Needless to say I am not a fan of large web projects.


I don't understand why you're getting downvoted. I'm a JS developer (and framework developer) and what you describe is a serious problem. It's great that there's so many problems solved, but some stuff is just a one or two liner that should be in your own app's /lib, not a dependency.

This is one reason I like Deno's idea of having a standard library (I just wish Ryan would have proposed that for Node directly instead of creating a brand new runtime).


The solution to all this dependency mess if for NPM to make a standard library. Yeah that sounds crazy and weird. But they are in the best place to make a unified standard library for Javascript. This would bypass all the junk transitive dependencies and have more libraries rely on a centralised but standard library.


Anyone who's run a CI platform for more than a few devs and NodeJS projects quickly bumps into inode problems unless they thought about build server filesystems in advance. Very quickly you end up with hundreds of thousands of minuscule files filling up the disk.

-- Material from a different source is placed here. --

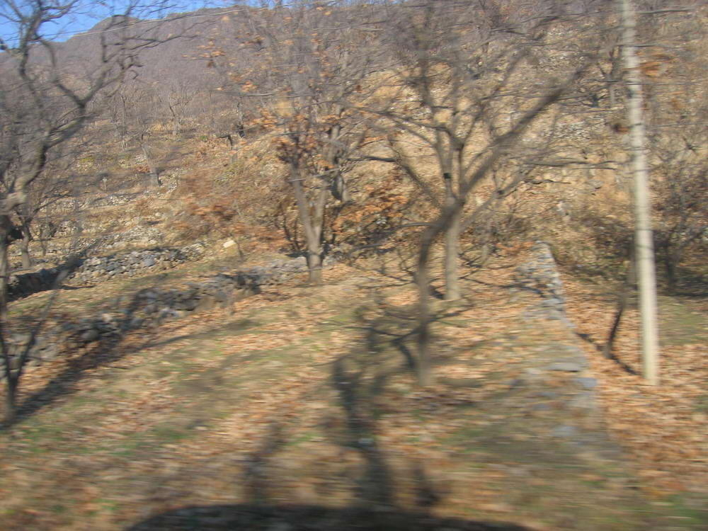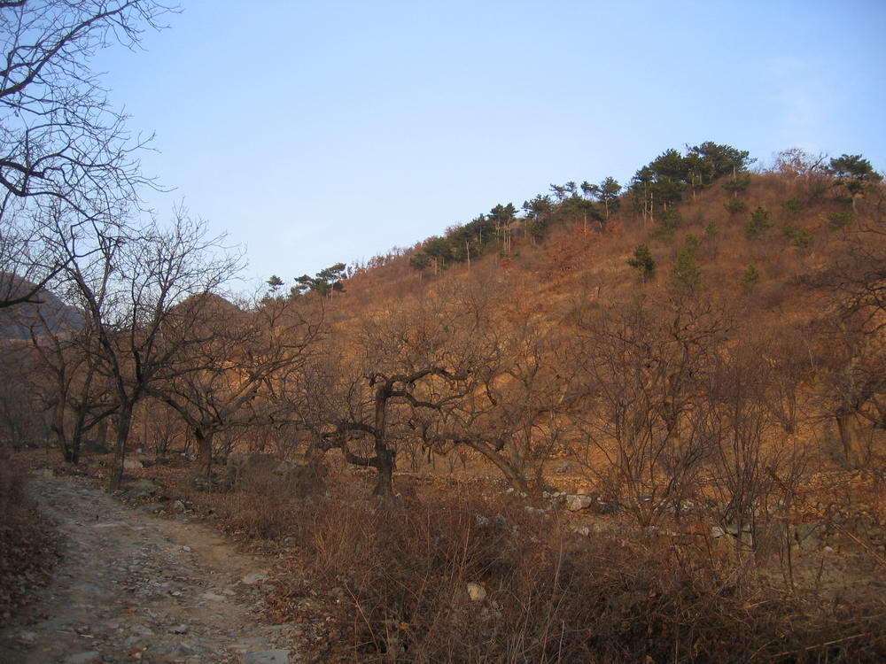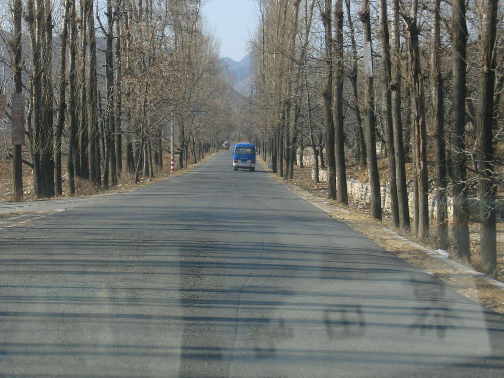After that I went to his mini-bus and we drove out towards the wall. It was a neat 2 lane road that had trees arching over the roadway and people riding their bikes along. Most of the leaves had fallen and the land was just orangish yellow from the dust and sunlight. It looked a bit like how I’d think Sleepy Hollow would look like, minus all of the Chinese people carting around branches and charcoal.
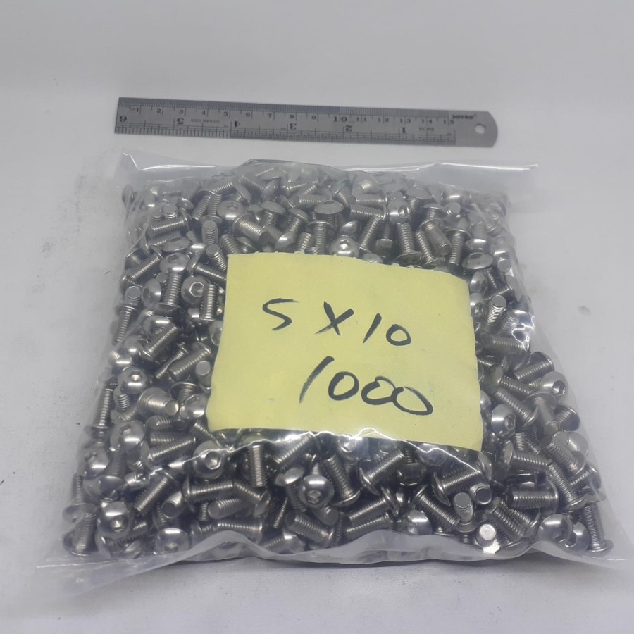 BAUT L BUTTON M5X10 STAINLESS M5 X 10 SS SUS 304 KUNCI L3 L 3 BAUT 8 PANJANG 1CM 1 CM BUTTON HEAD SCREW 10MM ROTOR CAKRAM SEPEDA

Imagine how easy it would be to exploit one of those too.


Right - every single dependency adds potentially another human maintainer who, if bribed or threatened, could release an update that exploits your project.


Is there any need to have so many dependencies in the first place? Seems like slovenly development practices are to blame.


Kind of yes... not all dependencies are direct for the app, a lot are just dev dependencies. Just to get eslint/prettier to warn, auto format and cleanup my code when I save a file, it is 13 direct dev dependencies in my project [0].

[0] https://github.com/lookfirst/mui-rff/blob/master/package.jso...


My projects tend to have vastly more dev dependencies as well. Especially with something like create-react-app. It's a pretty sad ecosystem.


The JavaScript development ecosystem is completely insane. Why do people do this to themselves.


I often hear “why would people do this to themselves” and I look around and wonder what they’re talking about given I’m perfectly happy using it daily.

I’d rather use node with all its ugly bits than Python or .NET or C++ with all their ugly bits. I’d rather use Rust over any of them but rarely is it the right tool for the job with what I do.


js runs everywhere and is the most popular language. The package managers are maturing, as are the rest of the tooling. C# didn’t have nuget at first, Python didn’t have Pip, etc. these tools evolve as part of the ecosystem over time. Nuget didn’t reuse package references in a central cache until recently, and had pretty much the same issue as this. If you think this issue means JS isn’t worth using, that’s an interesting line to draw in the sand, but it doesn’t mean people who use JS are somehow suffering because of this and that the ecosystem is insane.


Because (IMO)

1. Looks like it attracts a lot of talent these days

2. It's basically so well designed that its smooth learning curve has enabled generations of people to develop cs skills/get jobs/build stuff independently

3. While this and the previous points are not here to state that the JS universe is perfect, I have seen far worse stuff haunting the industry in the past: Php and Java alone have produced thousands of so-called professionals who still have trouble distinguishing db from backend from frontend, and have no remote idea of what dependency management is whatsoever.


A different / additional thing you can do on a few systems is compress the node_packages specifically. Afsctool on macos, chatter +c on btrfs, folder properties on Windows - you don't have to have compression enabled on the whole drive to use that.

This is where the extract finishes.